Market uncertainty is a practical guarantee for those in the startup world.
One of the key errors that most founders make is exclusively considering their user base holistically. The reality of the situation is that your user base is diverse, and making decisions without acknowledging their diversity is a sure way to fail.
Cohort Analysis is a method of data analysis that classifies your data into distinct groups, and then compares key metrics across these groups.
An Example Of Its Necessity
Let’s say your Canadian company just launched a major marketing campaign in the United States, and saw the following results across your metrics.
- Signups: + 50%
- Revenue: + 30%
- Location of User Base: 70% in the US, 30% in Canada
Wow! After starting to market in the US, our signup rate and revenue went up, and the US now has a majority share in our user base. We might make the decision based on this data to focus more heavily on the United States.
The problem is that if we look exclusively at Signups and Revenue for Americans, it might look like this:
- Signups: +80%
- Revenue: +2%
And for Canadians like this:
- Signups: +10%
- Revenue: +40%
It was only after breaking down our user base into distinct cohorts, that we could see what was actually happening under the hood. If we hadn’t looked deeper, and just acted on our instinct to move our operations in the US, we likely would have severely harmed our business.
How to Conduct a Cohort Analysis
While there is a whole world of higher-level algorithms to conduct in-depth cohort analyses, a lot of information can be revealed with just some simple spreadsheeting.
The first step to conducting a cohort analysis is identifying the key metrics. What do you want to understand about your user base? Do you want to optimize Revenue? Daily usage? Perhaps there is a specific feature getting used but you are not sure why.
The next step is to decide how you will divide your users into Cohorts. If you are doing this correctly, it shouldn’t be an easy process. There are all sorts of factors that affect user decisions, so you will likely need to try out dividing your users in a number of different ways to see what makes a difference in the metric you are evaluating
If you are looking to do this algorithmically, you should check out Cluster Analysis.
Once you have defined your cohorts, the next step is to see how these cohorts differ on key metrics. Do users in region X likely pay more. Are users who signed more than Y weeks ago more likely to use this feature? This is the part where you can gain interesting insights on how your product is being used by different groups of people.
The Major Pitfall: Causality and Correlation
This cannot be said enough: basic Cohort Analysis cannot tell you why two things are correlated, it can only tell you the extent to which they are on your current user base.
If we divide our users into gender-cohorts, and find that men are 50% more likely to spend money, that does not mean men will be more likely to spend money. It simply means that of our current users, the men are more likely to be spending money.

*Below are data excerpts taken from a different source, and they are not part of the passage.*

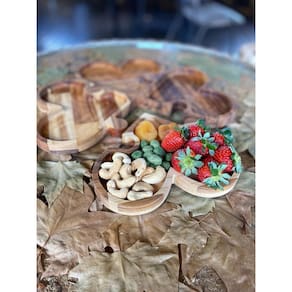 Petisqueira teca trevo e corações 4 divisórias desmontável Cód 24 petisqueira trevo encaixe teca med: 30x30x2cm compr x larg x altu cód de barras: 0618341537545
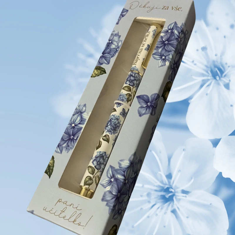 Hledáte dokonalý dárek pro paní učitelku? Toto kovové kuličkové pero s motivem hortenzie je trefa do černého! 💙
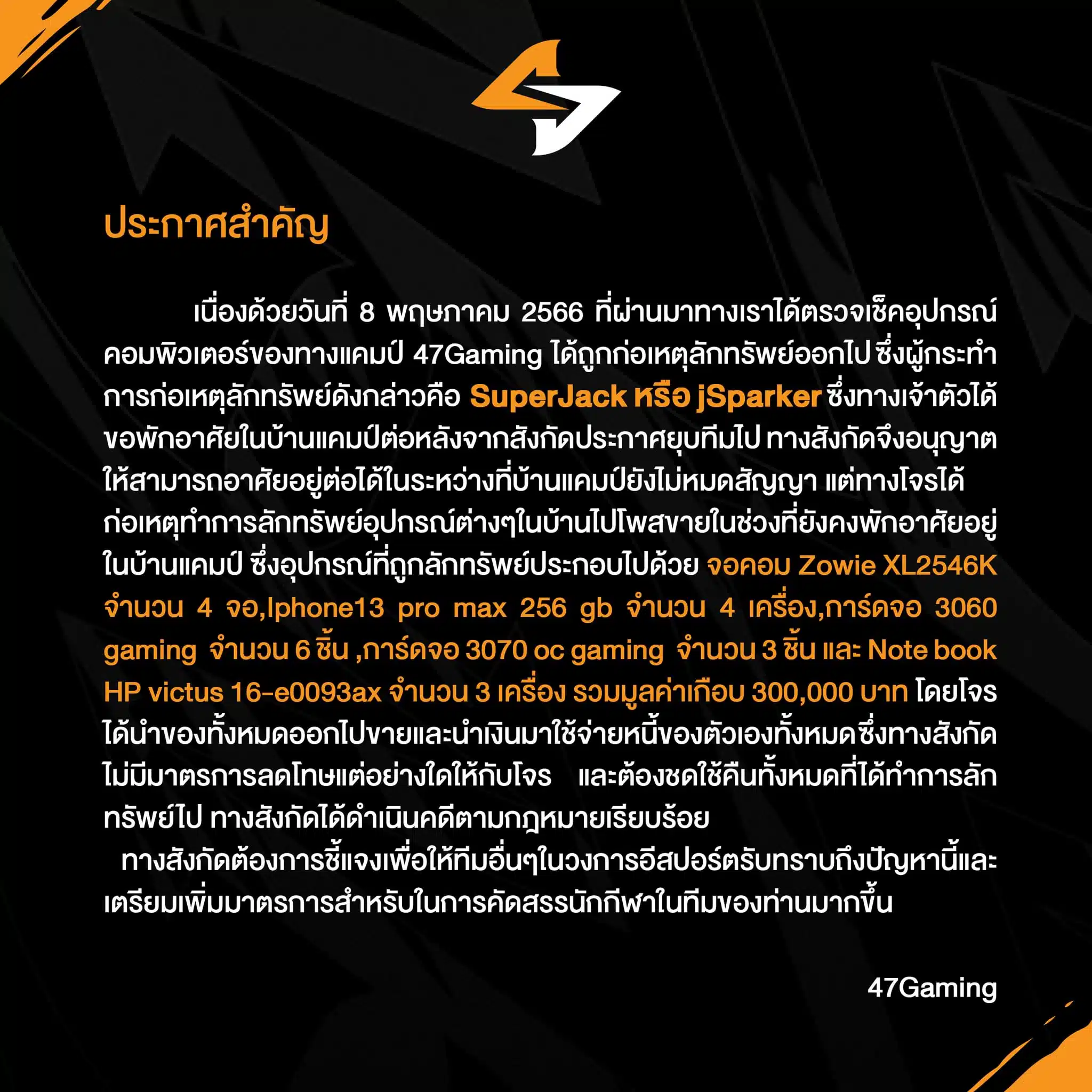 วันนี้ 9 พฤษภาคม 2566 เกิดข่าวใหญ่สะเทือนวงการเกมอีสปอร์ต หลังล่าสุด 47Gaming บ้านแคมป์ ต้นสังกัดกีฬา E-Sport ชื่อดัง ร่อนแถลงการหลังโดนอดีตนักกีฬาในสังกัดอย่าง ทรงพล ไพเชียรพัฒน์ ฉายา SuperJack หรือ jSparker ลักทรัพย์ ขโมยของในบ้านไปมูลค่ากว่า 3 แสนบาท

Before you make a decision from your cohort analysis, you need to understand whether this is a causal relationship in addition to being a correlated relationship. This is one of the most difficult problems in analytics.
A helpful way to investigate causal relationships is through randomized controlled trials(Such as A/B tests), but even then you need to be incredibly cautious of sampling bias.
For startups, data analysis refines your questions,not answer them. In the above example, the cohort analysis turned us from asking “Who is spending money on our product”, to “Why are men spending more money on our product”. Further cohort analysis can refine these questions until we can use reasoning to deduct an answer.
We might next divide our Male users into their marketing funnels(The way they found your product), which could give us an even more refined question of “Why are men who found us through twitter more likely to spend money on our platform?”.
While it might not be a golden bullet, Cohort analysis is essential to understanding your user base, your product, and your business. Ignoring it is one of the fastest ways a product can fail.